>>>

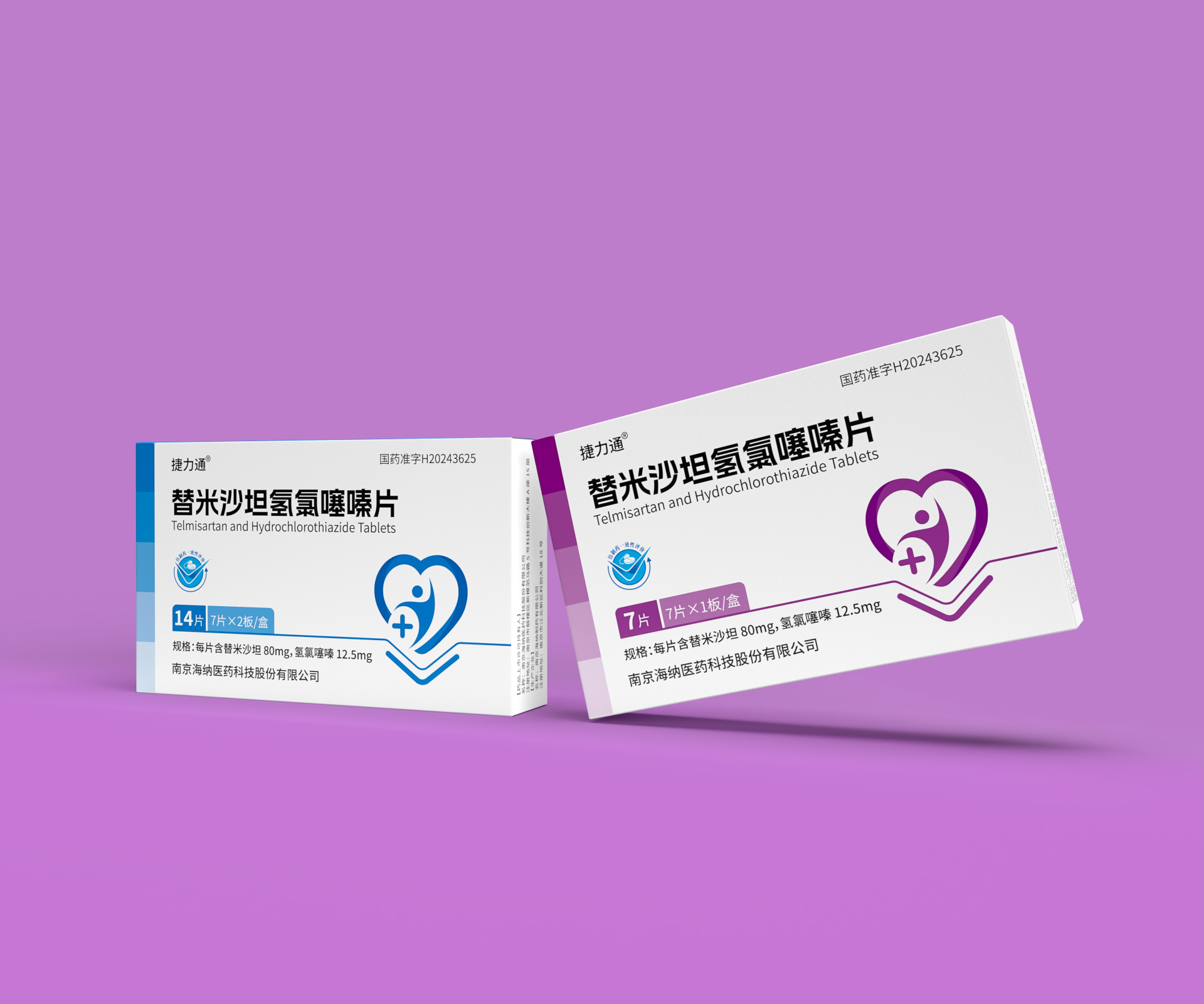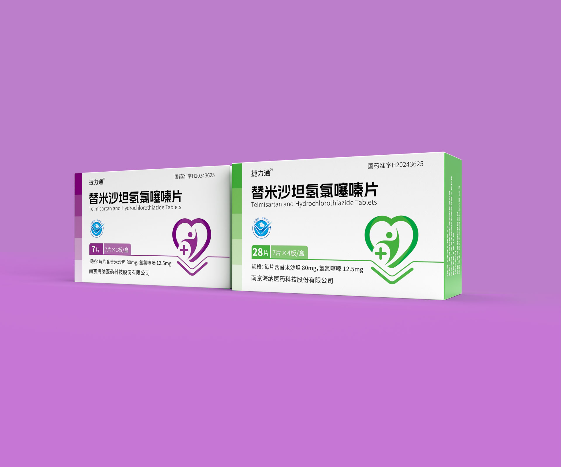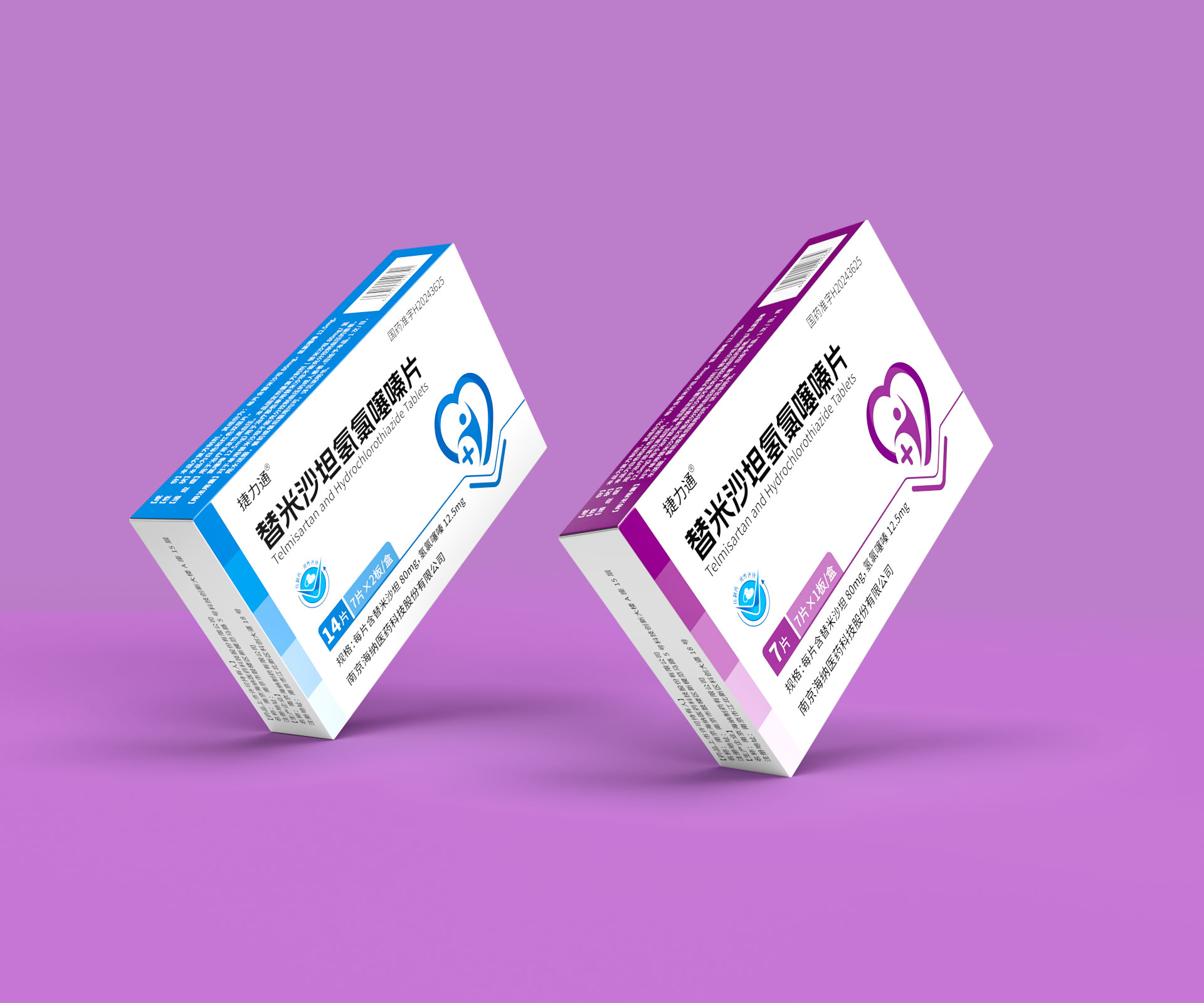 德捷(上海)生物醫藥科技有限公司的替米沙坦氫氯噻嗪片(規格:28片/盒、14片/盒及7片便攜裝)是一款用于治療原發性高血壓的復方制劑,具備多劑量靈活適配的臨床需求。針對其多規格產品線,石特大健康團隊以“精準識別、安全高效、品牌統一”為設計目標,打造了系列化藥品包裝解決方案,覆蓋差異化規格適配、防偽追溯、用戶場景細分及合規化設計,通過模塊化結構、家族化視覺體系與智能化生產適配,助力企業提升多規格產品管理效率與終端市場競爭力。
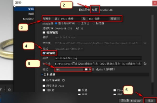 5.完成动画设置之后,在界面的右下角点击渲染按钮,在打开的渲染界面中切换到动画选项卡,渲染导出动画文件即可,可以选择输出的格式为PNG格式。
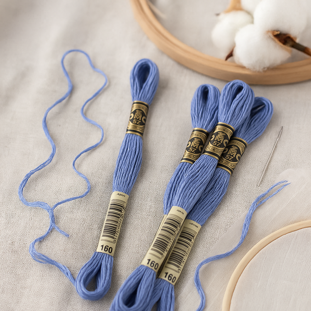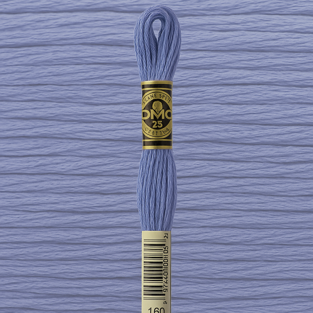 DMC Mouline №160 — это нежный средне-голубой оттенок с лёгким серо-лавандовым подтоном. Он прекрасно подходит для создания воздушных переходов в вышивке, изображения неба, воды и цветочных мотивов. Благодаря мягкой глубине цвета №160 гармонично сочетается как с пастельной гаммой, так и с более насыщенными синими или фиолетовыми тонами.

<<<

__Problem details__:
Skipping any pictures, transcribe the full listing exactly.

__Result for this exercise__:
 德捷(上海)生物醫藥科技有限公司的替米沙坦氫氯噻嗪片(規格:28片/盒、14片/盒及7片便攜裝)是一款用于治療原發性高血壓的復方制劑,具備多劑量靈活適配的臨床需求。針對其多規格產品線,石特大健康團隊以“精準識別、安全高效、品牌統一”為設計目標,打造了系列化藥品包裝解決方案,覆蓋差異化規格適配、防偽追溯、用戶場景細分及合規化設計,通過模塊化結構、家族化視覺體系與智能化生產適配,助力企業提升多規格產品管理效率與終端市場競爭力。
 5.完成动画设置之后,在界面的右下角点击渲染按钮,在打开的渲染界面中切换到动画选项卡,渲染导出动画文件即可,可以选择输出的格式为PNG格式。
 DMC Mouline №160 — это нежный средне-голубой оттенок с лёгким серо-лавандовым подтоном. Он прекрасно подходит для создания воздушных переходов в вышивке, изображения неба, воды и цветочных мотивов. Благодаря мягкой глубине цвета №160 гармонично сочетается как с пастельной гаммой, так и с более насыщенными синими или фиолетовыми тонами.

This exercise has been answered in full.